The control unit is further configured to: controlling the motor according to the carrier ratio meeting preset conditions;

wherein, the carrier ratio satisfying the preset condition includes: a carrier ratio capable of minimizing a current harmonic determination value of the motor; each rotating speed interval except the rotating speed interval with the lowest rotating speed corresponds to more than two carrier ratios;

The obtaining unit obtains a carrier ratio meeting a preset condition in more than two carrier ratios corresponding to a rotating speed interval where the rotating speed is located, including:

Calculating a 5 th order current harmonic value and a7 th order current harmonic value at each of the two or more carrier ratios, respectively;

According to the calculated 5-order current harmonic value and 7-order current harmonic value under each carrier ratio, determining a current harmonic judgment value corresponding to each carrier ratio in the more than two carrier ratios;

And determining the carrier ratio capable of minimizing the current harmonic judgment value of the motor according to the current harmonic judgment value corresponding to each carrier ratio in the above two carrier ratios.

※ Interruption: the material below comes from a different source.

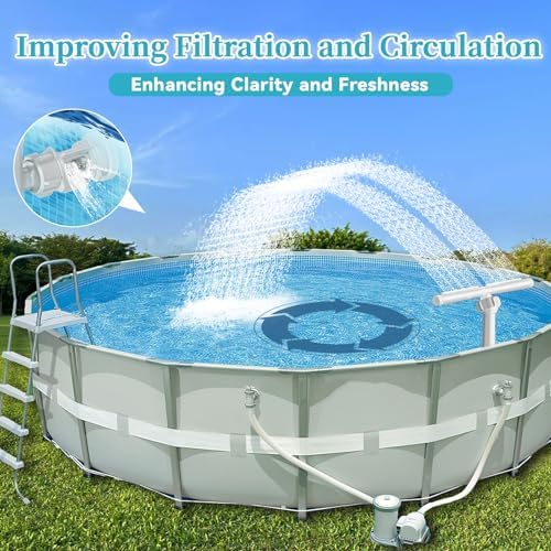 - 【Compatible with Most Pools】Pool fountain fits most 1.5' in-ground return jets and 1.5'/1.25' above-ground pool inlets/outlets. The 360° rotating head allows you to adjust the spray direction and height using the side valve, ensuring optimal performance for any pool shape.

5. The apparatus of claim 4, wherein each of the speed intervals corresponds to two or more carrier ratios, comprising:

And more than two carrier ratios are arranged at equal intervals in a preset carrier ratio range, wherein each rotating speed interval corresponds to a different preset carrier ratio range.

6. The apparatus according to claim 4, wherein the obtaining unit determines the current harmonic determination value corresponding to each of the two or more carrier ratios from the calculated 5 th order current harmonic value and 7 th order current harmonic value for each carrier ratio, comprising:

The weighted average of the mode lengths of the 5 th order current harmonic component and the 7 th order current harmonic component at each carrier ratio is taken as a current harmonic determination value at the corresponding carrier ratio.

7. A storage medium having stored thereon a computer program which when executed by a processor performs the steps of the method of any of claims 1-3.

8. A motor control system comprising a processor, a memory and a computer program stored on the memory and executable on the processor, the processor implementing the steps of the method of any one of claims 1 to 3 when the program is executed, or comprising the motor control device of any one of claims 4 to 6.